But... Then again, now that I think about it, there have been cases where people were technically ressurected (even if they were only dead for no more than a few minutes) and they still had a consciousness as far anyone is aware, soo I dunno. Of course, that was only for a few minutes, result might vary after say... a couple of days.
 
Well here's the issue, we're always dying to some extent. Every day we lose brain cells and our body slowly stops working. Now we take this situation where everything shuts off completely and is essentially done a hard reset for the entire body. The being that is resurrected won't be the same person who died due to everything that died off when they were dead. The other issue is that they cross over to some extent once dead, or remain trap here. Putting religion based arguments aside, you're putting the entity of a dead person, soul as we will call it, back into the body and telling it to jump start and take control of the body once more. The issue is what has the entity, the soul, been through in the time spam of the death of the physical form. Going through what it's been through and then being place back into the body will cause damage, mentally and emotionally at least but possible physical damage as well.
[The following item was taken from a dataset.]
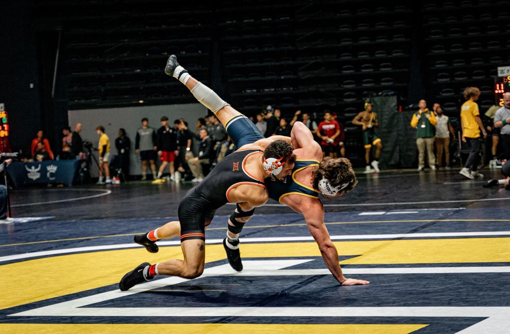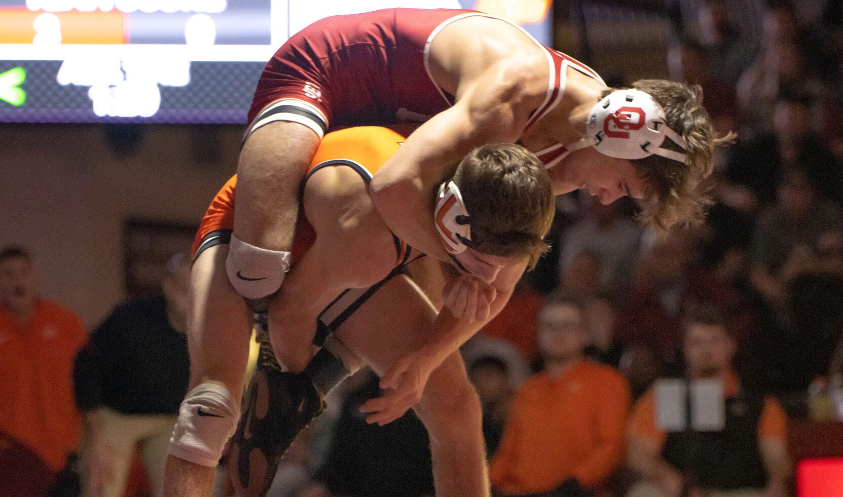 A tech fall and a decision victory was how Carter Young, OSU’s 141-pounder, started the tournament. He finished with a 3-3 record in the Scuffle.

In the end it won't be the same as the person who was once alive, but I've seen this vid before and all of this is merely my opinion.
 
By that sense though haven't we all already died then?
Your personality is constantly changing, and every 7 years or so every piece that makes up who we are has essentially been replaced/regrown.
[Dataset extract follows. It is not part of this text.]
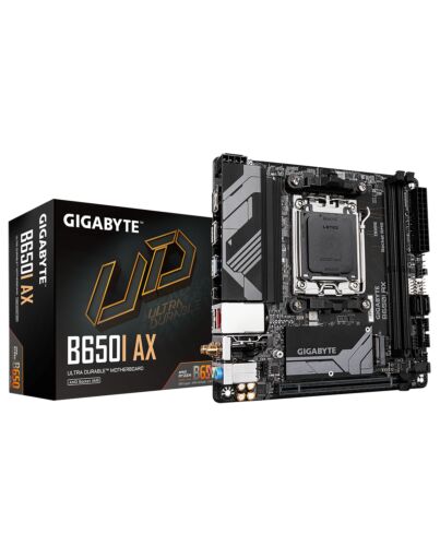 GIGABYTE B650I AX Motherboard - AMD Ryzen 9000 Series CPUs, 5+2+1 Phases VRM, up to 6400MHz DDR5 (OC), 1xPCIe 4.0 M.2, 2.5GbE LAN, WIFI 6E, USB 3.2 Gen 2

As for what they've been through while dead?
Being atheist myself I don't believe in souls, so I'm not going to be touching the soul aspect.
Though physically the video did show to have effects, the fully resurrected dog (not the head) took almost 2 weeks to get back to physical capacity.
Mental and Emotionally? That if we're going by the video I'll admit we lack much understanding on, it was on a dog and there seemed to be a lack of brain scans.
We couldn't exactly go "Hey C92, you still like roleplaying?" or anything with them.
 
You make a good point, but a dog is a bad example for the research to be done upon. We could never ask it things that would compel us to know if mentally or emotionally it has changed, but I would assume so since we change over time. Yes that would mean we have died already, but that's a sense of dying in the form of your personality and aspects. Everything causes us to die in some way, just some things take us through bigger changes then others. The only real way to know about this is to perform it on a person, but of course that would be some Mary Shelly Frankenstein antics and clearly that went wrong, though the story did involve several bodies and not one which lead to some issues. Stuffing multiple people into one body would never be a good idea.
 
That's my point with the dog, we can't ask it and test it on personality and mental changes the same way we can a person.
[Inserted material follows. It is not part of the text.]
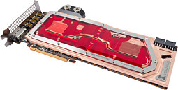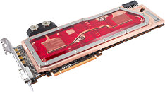The German-based liquid cooling specialist Aqua Computer has added the full cover water block kryographics Vesuvius for R9 295X2 cards to its portfolio. The block is entirely made in Germany and milled from 2.72kg high-purity electrolytic copper raw material. It covers the GPUs, all RAM chips, the voltage regulators and the PCIe bridge chip. All areas are covered by the flow path of the cooling liquid to provide an excellent cooling performance.

Which as you said leaves us with human testing, which if we ever plan to use this on humans we need to test it on a human at some point.
The question then becomes 'when is it safe enough to do so?'. Plus let's remember Frakenstein was a movie, and also liked you said a mish-mash of multiple people. Not one individual being resurrected in their original body.

Side Note: The fact this is resurrection via machines also helps nudge is in the direction of life that is both biological and mechanical. Essentially in the direction of cyborgs, which I am super excited for.
I want to be able to get some kind of practical cybernetic augmentation before I die.
 
By that sense though haven't we all already died then?
Your personality is constantly changing, and every 7 years or so every piece that makes up who we are has essentially been replaced/regrown.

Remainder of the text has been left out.